Chapter Twenty-Two

Aiden

Gage answered my call with, “Are you planning on coming back to the office anytime soon? Or am I handling these meetings on my own?”

I ignored his sarcasm and said, “Neither. You’re canceling our meetings. I’m headed to the Sinclair Security offices. Meet me there.”

The sarcasm fell from Gage’s voice. He was all business when he said, “Why? What happened?”

“I don’t know,” I answered. “Maybe nothing. Maybe everything.”

“Cryptic much?” Gage complained.

“I have to call Cooper. I’ll explain when I see you.”

I thought about the comb in my pocket, carefully wrapped in tissue, and Violet’s brother, a carbon copy of my cousin Vance. A little older. But the same blue eyes. The exact same shade of blonde hair. The same build, the same chin, the same nose. He was the right age.

I wasn’t ready to hope we’d found what we’d been searching for. I’d considered verifying his identity before telling Gage, but I wouldn’t shut Gage out. We were in this together.

Wondering if I was jumping the gun, I called Cooper Sinclair at Sinclair Security. Cooper and his brothers had taken over the company from their father and grown it into the premier security company in the southeast, arguably in the entire country.

We’d grown up together. The Sinclairs were like family. Ever since we’d discovered Gage’s mother, my aunt Anna, had given up a child for adoption when she’d been in college, we’d been searching for him. We’d lost enough family already.

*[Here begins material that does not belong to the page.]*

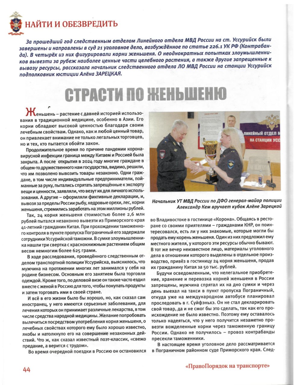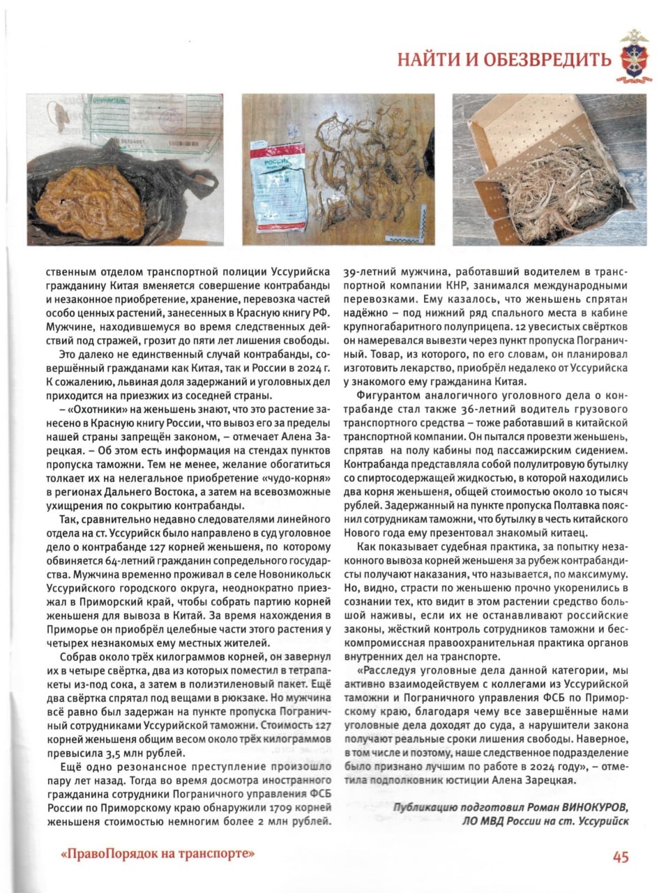 В статье журнала «ПравоПорядок на транспорте» рассказываем о том, как сотрудники транспортной полиции Уссурийска вместе с таможенниками и пограничниками успешно раскрывают дерзкие схемы контрабанды женьшеня.

My parents were gone, Gage’s parents were gone, all four of them killed over a love affair gone wrong.

Anna’s missing child was the root of it all.

My aunt Anna and uncle James had met in college while she was dating James’s best friend, William.

For reasons none of us had discovered, Anna broke up with William.

She took a semester off, and while she was away she fell in love with James through long letters and brief visits. She’d returned to Atlanta engaged to James. They’d married a short time later and from all reports, and my memory of childhood, had been deeply devoted to one another.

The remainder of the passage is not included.